人生 ああ鱈腹味わいたい

毒親疑惑の親が高齢になりまして・・・

最後の言葉

母が入院して数ヶ月が過ぎた。

もう積極的な治療はできず

痛みを取ることがメインになっていた。

 

そんなある日の母は機嫌が悪かった。

手を握ったり、体をさすったりしても

怖い顔で睨む。

そして妙にはっきりした声で言う。

 

「ぜんぶ小春が悪いんだ。

何もかも小春のせいだ。」

 

自分(母)がこんな不幸になったのは

小春のせい。

小春が自分の希望通りにしてくれなかった

せい。家を継いで、一緒に暮らし、

ちゃんと世話をしてくれていたら

自分はもっと幸せになれていたはずだ。

 

そう言っているように思えた。

 

   ***********

 

その夜、なかなか寝付けなくて考えた。

ああ、母らしい言葉だなあと 思った。

 

お母さん

幸せは誰かが持ってきてくれるものじゃ

ないの。

自分で探して、見つけて、なるものなの。

 

誰かが自分を幸せにしてくれると思って

いる間は幸せにはなれない。

だって、人は自分の思い通りにはなら

ないから。

人にはその人の思いがあるのだから。

 

だから、人に幸せにしてもらおう、

自分の思い通りにしてもらおうと思って

いたら、一生、人への不満を言い続ける

ことになる。

不幸な人生で終わってしまう。

 

自分を幸せにできるのは自分しかいないの。

わかってお母さん。

 

そんなことを布団の中で思った。

 

実は私も、母と同じことをしていた頃が

あった。

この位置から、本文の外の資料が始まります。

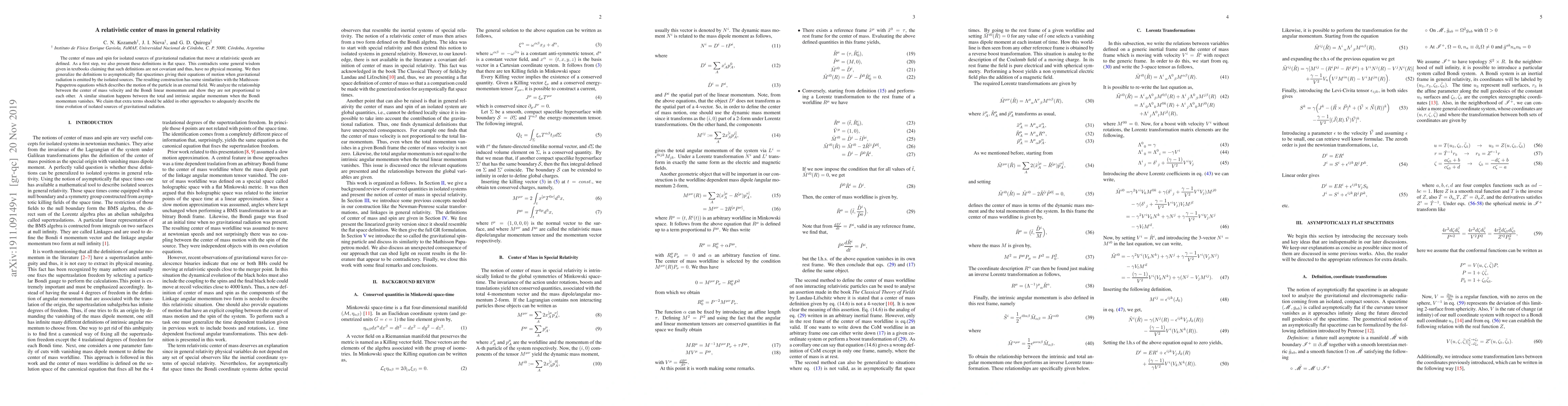 This work provides a novel, dynamical definition of center of mass and spin for isolated systems emitting gravitational radiation, which could be crucial for understanding coalescing compact objects at relativistic velocities.
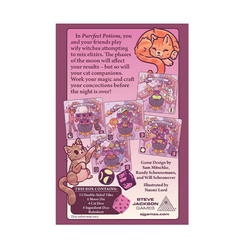 Purrfect Potions is a strategic card game where players compete to brew magical concoctions. In this enchanting game, feline assistants help with the brewing, but they are unpredictable and follow the whims of the moon rather than player commands. Combining whimsical witch-themed gameplay with tactical decision-making, Purrfect Potions offers an experience that is quick to learn but provides depth for repeated play.
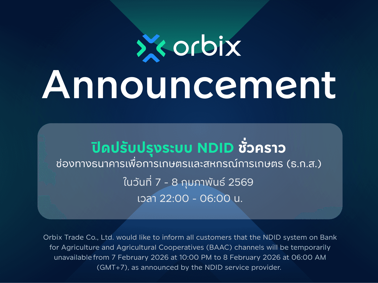 Orbix Trade Co., Ltd. would like to inform all customers that the NDID system on Bank for Agriculture and Agricultural Cooperatives (BAAC) channels will be temporarily unavailable from 7 February 2026 at 10:00 PM to 8 February 2026 at 06:00 AM (GMT+7), as announced by the NDID service provider.
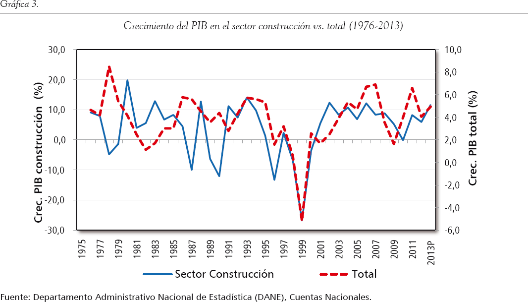 La gráfica 3 indica un comportamiento contracíclico del sector de la construcción hasta principios de la década de los noventa; los periodos de alto crecimiento económico se asociaron con caídas en el sector de la construcción. Dicha caída es particularmente notoria en 1978 (-4,8%), precisamente cuando la economía colombiana presentó tasas de crecimiento de 8,5%, las más altas de su historia, fruto, entre otros elementos, de la política de sustitución de importaciones y la bonanza cafetera.

夫が私を幸せにしてくれないと、

不満ばかり言い続けて離婚寸前までいった。

 

幸いなことに、上に書いたようなことに

気づいて、自分の生活を見つめ直したら

幸せの種がいっぱい見つかって、感謝の

気持ちでいっぱいになった。

人生が好転するとはこういうことなんだと

感じた。

 

とは言うものの、今ブログで親への不満を

書きまくっていて、偉そうなことは言え

ないけど。

 

 

     ***********

 

その翌日、母は息をひきとった。

 

「ぜんぶ小春が悪いんだ。

何もかも小春のせいだ。」

 

これが最後の言葉となった。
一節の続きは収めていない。